RECORDS FOR THE TASK -

● ● ●

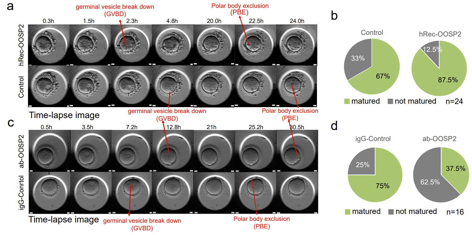 To explore whether OOSP2 has a regulatory role in oocyte maturation, the authors added recombinant OOSP2 proteins into GV oocytes collected from donors and monitored oocyte maturation using an incubator with time-lapse microscopy. Nuclear envelope rupture (GVBD) and polar body expulsion (PBE) are two stages of morphological changes after oocyte maturation under the microscope (Fig. 4). Oocytes are considered mature when PBE is observed. The authors compared paired GV oocytes from the same donor in each set of experiments to eliminate heterogeneity between different donors, and recorded the time to GVBD and the time to PBE of the experimental and control oocytes, respectively. The authors found that the addition of the OOSP2 protein increased the rate of in vitro maturation of human oocytes. In contrast, the addition of OOSP2 antibodies to the GV oocytes blocked the function of the OOSP2 protein, thereby inhibiting the maturation process of the oocytes.
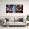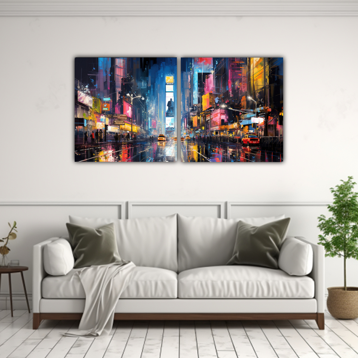 Este cuadro enigmático de una bulliciosa calle de la ciudad se vería perfecto en el salón o en la sala de estar Combínalo con muebles modernos en tonos neutros para crear un ambiente elegante y sofisticado También puedes colocarlo en el dormitorio para agregar un toque de color y energía ¡Deja volar tu imaginación y encuentra el lugar perfecto para este cuadro exclusivo de DecoCuadros!
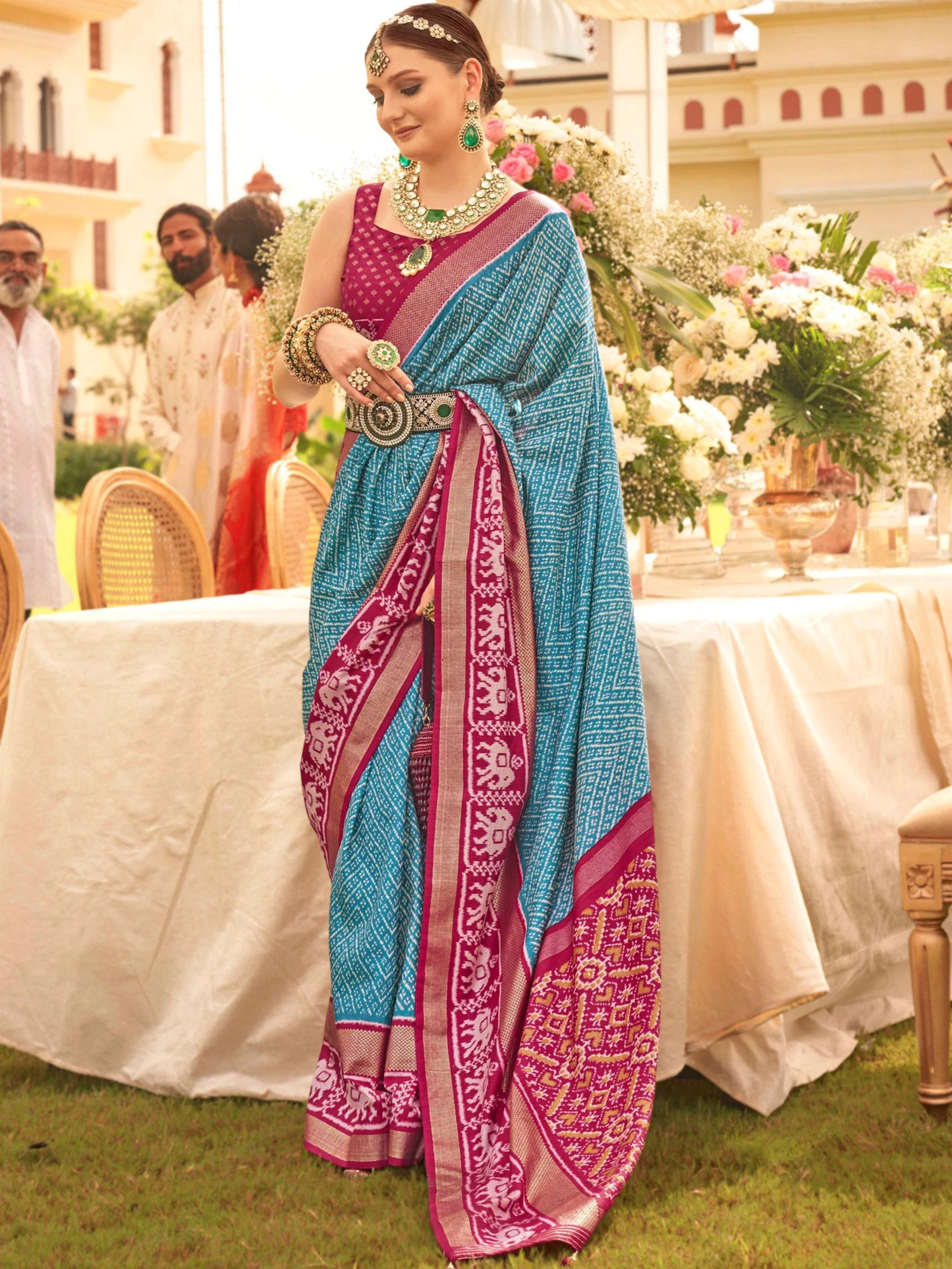 Capture the symbol of confidence and charm in you wearing this cerulean blue color saree designed in silk. Enhanced using bandhej print patterns, showcasing distinstive borders and pallu. Paired with a matching pink color blouse in silk. Note: The accessories featured are purely for fashion purposes. Due to photography reasons, some color variations may occur. The un-stitched blouse may be customized up to 42 inches.
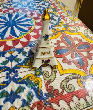 Deliziosa miniatura della Torre Eiffel, un pezzo da collezione proveniente da Limoges, Francia. Perfetta per aggiungere un tocco di eleganza parigina alla tua casa. - Decorata con fiori blu e viola. - Scritta Paris in oro. - Base e punta dorate.
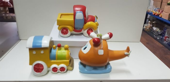 pregiata resina salvadanaio mezzi di trasporto cm 12 x 10 colre pastello elicottero camion, trenino,auto
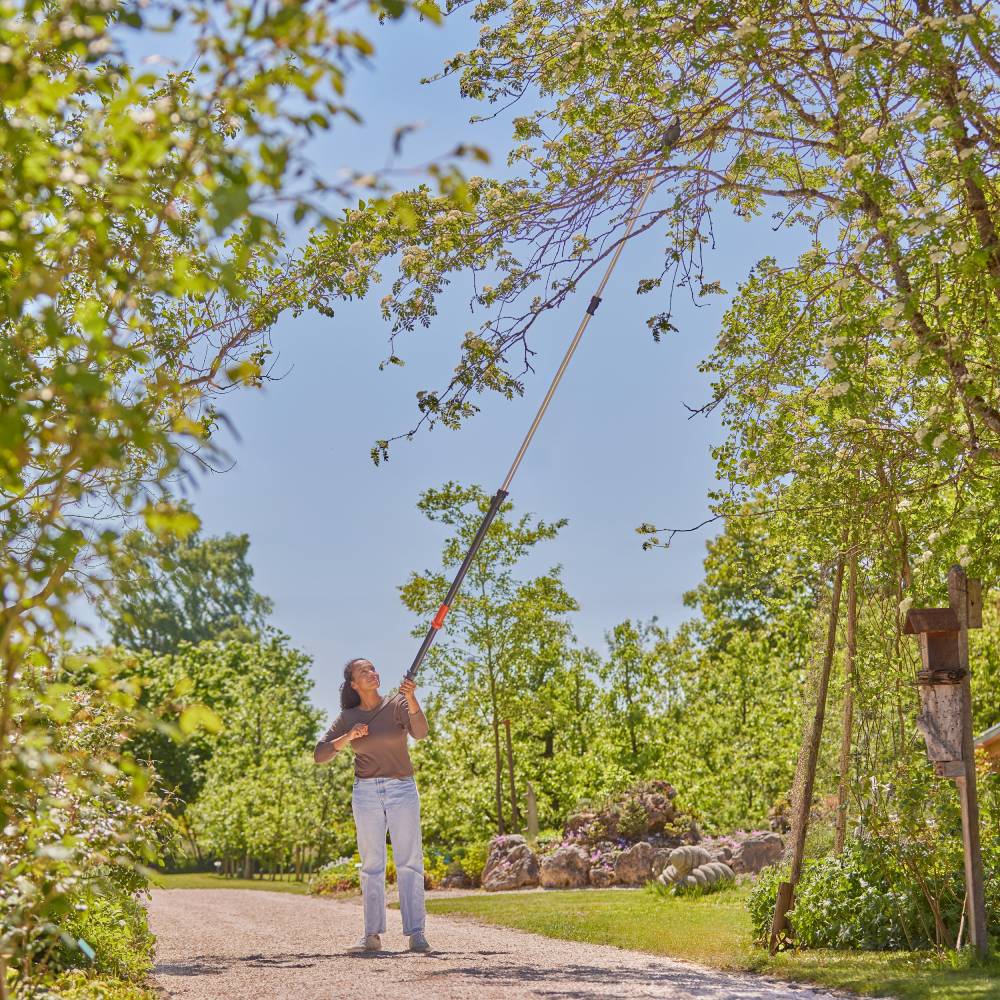 GARDENA StarCut Pro L teleskopske vrtne makaze namijenjene su preciznom i sigurnom orezivanju vrlo visokih grana, bez potrebe za ljestvama. Zahvaljujući teleskopskoj konstrukciji s podesivom dužinom od 175 do 400 cm, omogućavaju rad na granama na ukupnoj visini do približno 6,5 metara, u zavisnosti od visine korisnika i položaja grana.

● ● ●

INSTRUCTIONS FOR THE TASK - Return every line of the records exactly as given, pictures excluded.

REPLY TO THE TASK -
 To explore whether OOSP2 has a regulatory role in oocyte maturation, the authors added recombinant OOSP2 proteins into GV oocytes collected from donors and monitored oocyte maturation using an incubator with time-lapse microscopy. Nuclear envelope rupture (GVBD) and polar body expulsion (PBE) are two stages of morphological changes after oocyte maturation under the microscope (Fig. 4). Oocytes are considered mature when PBE is observed. The authors compared paired GV oocytes from the same donor in each set of experiments to eliminate heterogeneity between different donors, and recorded the time to GVBD and the time to PBE of the experimental and control oocytes, respectively. The authors found that the addition of the OOSP2 protein increased the rate of in vitro maturation of human oocytes. In contrast, the addition of OOSP2 antibodies to the GV oocytes blocked the function of the OOSP2 protein, thereby inhibiting the maturation process of the oocytes.
 Este cuadro enigmático de una bulliciosa calle de la ciudad se vería perfecto en el salón o en la sala de estar Combínalo con muebles modernos en tonos neutros para crear un ambiente elegante y sofisticado También puedes colocarlo en el dormitorio para agregar un toque de color y energía ¡Deja volar tu imaginación y encuentra el lugar perfecto para este cuadro exclusivo de DecoCuadros!
 Capture the symbol of confidence and charm in you wearing this cerulean blue color saree designed in silk. Enhanced using bandhej print patterns, showcasing distinstive borders and pallu. Paired with a matching pink color blouse in silk. Note: The accessories featured are purely for fashion purposes. Due to photography reasons, some color variations may occur. The un-stitched blouse may be customized up to 42 inches.
 Deliziosa miniatura della Torre Eiffel, un pezzo da collezione proveniente da Limoges, Francia. Perfetta per aggiungere un tocco di eleganza parigina alla tua casa. - Decorata con fiori blu e viola. - Scritta Paris in oro. - Base e punta dorate.
 pregiata resina salvadanaio mezzi di trasporto cm 12 x 10 colre pastello elicottero camion, trenino,auto
 GARDENA StarCut Pro L teleskopske vrtne makaze namijenjene su preciznom i sigurnom orezivanju vrlo visokih grana, bez potrebe za ljestvama. Zahvaljujući teleskopskoj konstrukciji s podesivom dužinom od 175 do 400 cm, omogućavaju rad na granama na ukupnoj visini do približno 6,5 metara, u zavisnosti od visine korisnika i položaja grana.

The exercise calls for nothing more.